Сероватая бледность сразу покрыла его щеки. Ивге показалось, что его уже нет, что он умер. Она вскрикнула. Миша приподнял веки. Ему стало стыдно.

— Ивга, ты меня не ругаешь? Я злой?

— Нет, нет, нет, — зашептала она.

Слова Миши вызвали реакцию. Она уткнула голову в одеяло и зарыдала.

— Папы нет… Пети… Васи… тебя…

— Женя, чего ты… Женечка! — воскликнула вошедшая Елизавета Гавриловна.

Поставив на пол чугунок с кипятком, кинулась к ней. Ивга, охватив колени Елизаветы Гавриловны, опустилась, потянув одеяло. На пол соскользнул кинжал, свалилась шапка, рассыпались призовые платки. Елизавета Гавриловна гладила подрагивающие остренькие плечи девочки, находя ей слова утешения и ласки.

В окно резко застучали. Не дождавшись ответа, застучали еще настойчивее и строже.

— Наверное, Пичугин, — сказала мать и побежала к двери, — некогда ему зайти днем, да и боязно.

Стук повторился. Кто-то снаружи подергал за засов, зазвякав железом. Засов заерзал в пробое. Миша видел ржавый гвоздик, шевелящийся, как живой.

— Мама, мама! — закричал он пронзительно, — не открывай, мама!

— Уже открыли, — сказал чей-то незнакомый голос.

Миша поднялся и сразу же закричал дико, испуганно, как бы во сне, в страшном сне, когда тебя охватывает непостижимый ужас. Когда вы лишены возможности убежать, а на вас надвигается то, что вас испугало. К нему шли офицеры, три офицера, а может, и десять, а может, и больше, они мелькали в глазах, моментально заполнили всю комнату, окружали его, слабого, беспомощного. Они были вездесущи, и главное — неожиданны. Мальчик откинулся, ударившись головой об стенку, натянул на себя одеяло.

— Не надо, не троньте.

Елизавета Гавриловна бросилась между вошедшими и сыном.

Совершалась огромная несправедливость. Силы были неравные.

— Цепкая, — сказал один, отталкивая ее, — тяжелая. — Он нечаянно задел ногой чугунок с кипятком. Поднялся пар, и струйки воды побежали по полу.

— Я его еще не купала, — испуганно закричала мать.

— Мы его у себя искупаем.

Двое взяли Мишу под мышки и за ноги и понесли к выходу. Третий попытался накинуть сверху одеяло, но оно соскользнуло. Тогда он отбросил его ногой.

— Господа, это бесчеловечно… ненужная жестокость, — сказал один из пришедших, коренастый человек в погонах, обведенных широким золотым басоном юнкера.

— Тля, а сколько хлопот, — сказал поручик с красивым и бледным лицом. — Вы лучше проверьте насчет оружия.

Юнкер вернулся.

— Оружие есть? — спросил он.

Не получив ответа, обошел лежащую на полу женщину, для вида порылся в сундуке. Заметив кинжал, поднял его, повертел в руках.

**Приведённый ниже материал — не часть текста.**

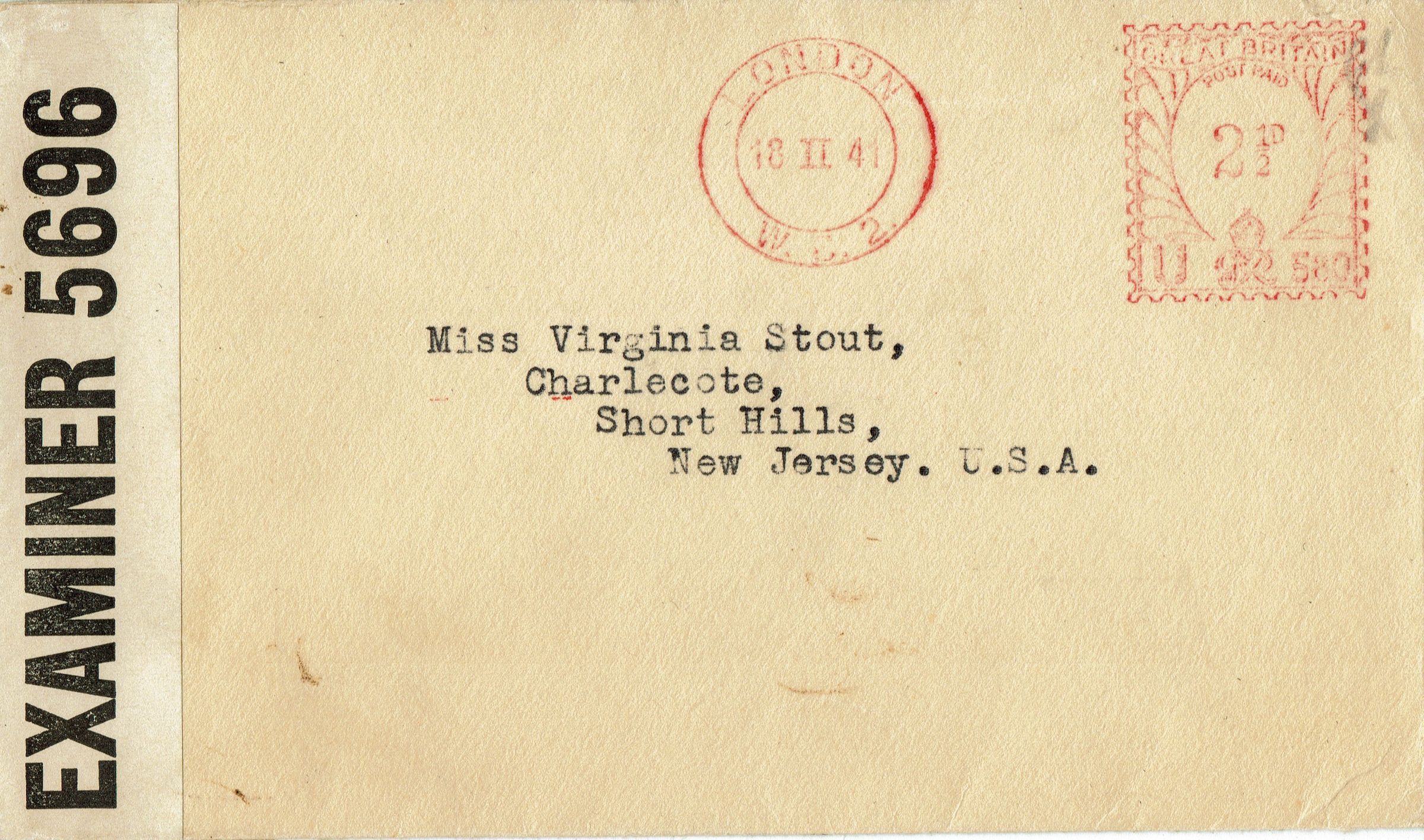 Postally used envelope addressed to Miss Virginia Stout, Charlecote, Short Hills, New Jersey, U.S. A. postmarked London, February 18, 1941 W.W.2. Envelope has the words "Opened By Examiner 5696" along the left side.Acquisition

— Да, — сказал он, — в руках казака — это оружие.

И сунул кинжал в карман. Обходя лужу, он зацепил лампу. Стекло со звоном упало на пол. Пробормотав что-то вроде извинения, он торопливо вышел.

Потерявшего сознание Мишу положили на тачанку. Юнкер подтянул сползавшие кальсоны.

— Господа, это жестоко, ненужно жестоко, — сказал он снова, — они нам этого никогда не простят.

Поручик достал из портсигара папиросу, бросил ее в рот. Зажег спичку. Юнкер видел его искривленное не то страданием, не то жестокостью лицо.

— Кто его знает, может быть, эта сволочь в Ставрополе вырезала всю мою семью. Война — вообще жестокость, господин юнкер… Пошел!..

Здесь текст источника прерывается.